NOW FOR THE VIRTUAL BUSINESS GAME: Three different companies are discussed in brief below. Assume you are an entrepreneur in each of these firms or you are an advisor to the companies. You can pick your role. If you are writing business plans for them, here are some questions to trigger thinking:
- How would you proceed to write the business plan?
- Would the approach to writing the plan and questions asked by you be similar in each of the above cases, or different?
- What are the key points in the business plan in each of these cases?
- In each case, identify what could be a key deal issue.
- o Look for both key deal drivers and key deal breaker issues.
- o Are they similar or identical in all the three cases?
- o Does your business plan address these issues, directly or indirectly?
NOTE: Deal issues are some key factors which may be the reason why someone may invest or not invest in a company. For example, if there is only one person driving decisions in the company, this could be a deal issue. Investors do not like to risk money in a business with only one key person in the management team.
THE THREE CASELETS
- Three friends established a company in Bangalore, to work in the areas of IT services. Their company, ThreeForce, was started with Rs.30 lakhs invested in by the promoters, who each had about 12 years of work experience, in India as well as in Europe and US. Midway through the first year of operations, one of the key customers also invested Rs.20 lakhs in the ThreeForce, for a minor stake in the company.
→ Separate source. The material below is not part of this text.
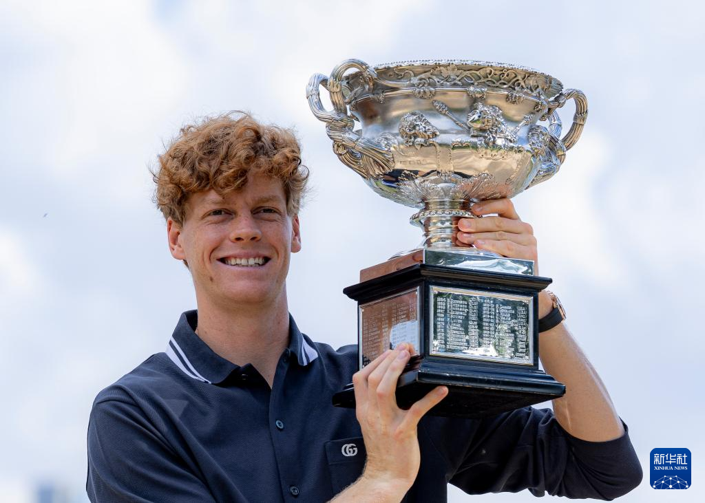 1月27日,辛纳展示奖杯。新华社发(储晨摄)

Towards the middle of the second year of operations, the promoters decided to go in for a round of private equity investment.. The initial funding and the revenue generated was not sufficient to achieve the ambitious growth targets they had set for themselves. The promoters decided to approach a venture capitalist or strategic investor for funding.
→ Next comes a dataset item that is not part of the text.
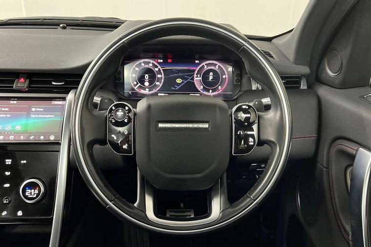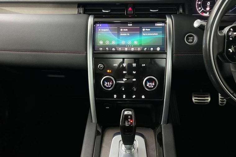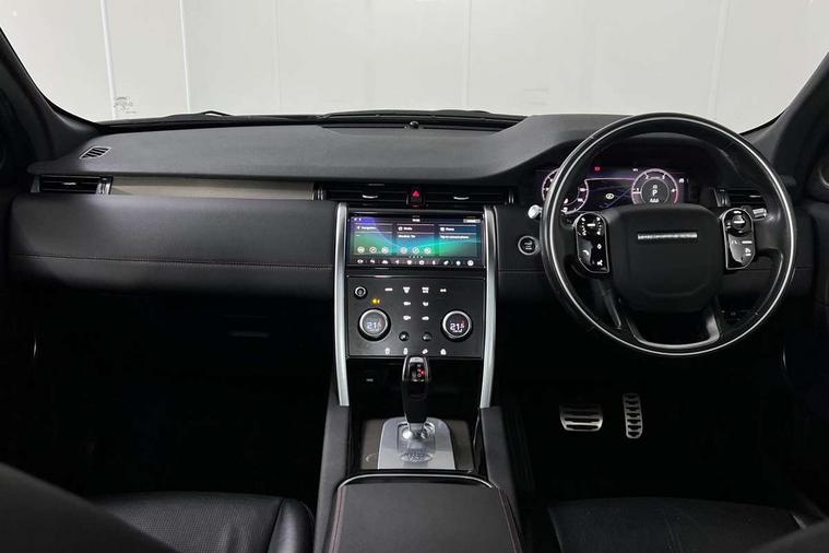 Android Auto, Apple CarPlay, Blind spot assist, Connected navigation pro, Driver condition monitor, InControl remote premium, Interactive driver display, Lane keep assist, PAS, Powered tailgate/boot lid, Service interval indicator, Traffic sign recognition with adaptive speed limiter, Trip computer, All terrain progress control, Coil suspension system, Diesel particulate filter, Terrain Response 2, Bluetooth connectivity including audio streaming, Digital Audio Broadcast radio-DAB, Steering wheel mounted audio controls, Automatic headlight levelling, Door mirror memory, Electric front/rear windows, Power fold, auto-dimming, heated door mirrors with approach lights, Rain sensing windscreen wipers, Rear wiper, Black gearshift paddles, Bright metal pedals, Front passenger isofix child seat attachment, Illuminated vanity mirrors, Third row dual adjustable individual seats, Tilt/reach adjustable steering wheel, Online pack - Discovery sport, 3 point seatbelts on all seats, ABS, Brake hold function, Collision mitigation braking system, Cornering brake control (CBC), Driver/Front Passenger airbags, Drivers knee airbag, Electronic brake force distribution, Electronic parking brake, ESP + traction control, Hill descent control, Hill launch assist, Pedestrian airbag system, Roll stability control, Side and curtain airbags for front and 2nd row seats, Tyre pressure monitoring system, Battery Back Up System (BBUS) with tilt sensor, Intrusion sensor, Locking wheel nuts, Centre stack rails in noble chrome,

- Vijaya, Kannan, James and Rehana are good friends from school days. Vijaya, who has completed her MBA and has 2 years of work experience in the IT industry, is currently unemployed. She has two children of school going age. Kannan is an engineer, who is working in a software company and now wants to start his own business. His wife has a steady job in a multi national company and he is willing to take a risk of losing his steady income. James, an architect is currently managing his own architect’s firm. He is interested in exploring the opportunity to develop technology tools for the infrastructure industry. Rehana is a graduate, who has been working in the BPO industry for five years now. She has no family commitments and is comfortable with the job. She is excited at the idea of starting a business with her friends.After a great deal of brainstorming, the four have decided to create a company which will address the technology needs of the infrastructure industry. They have heard that there is a lot of interest in investment in this area and are keen to look for equity investment in the new venture as they do not want to go to a bank and take a loan at this start up stage.
- GooDBuzz Technologies Private Limited was promoted by Amar Ramesh and Rahul Gupta to offer services to the telecom industry. The customers were from India, Europe and Asia.The company received two rounds of financing from a VC in India, who appointed a Board Member to the company. In a Board meeting, the nominee Director of the VC, expressed his view that GoodDBuzz should expand its existing portfolio of offerings by providing services to other industry verticals, as this would help the company grow at a faster pace. The other Board members were also keen to explore this possible opportunity. This however needed additional investment, which the existing promoters and investors could not bring in. The Board members of GooDBuzz were now looking at alternate options before them and how they should proceed. They decided to look for private equity investment in the company.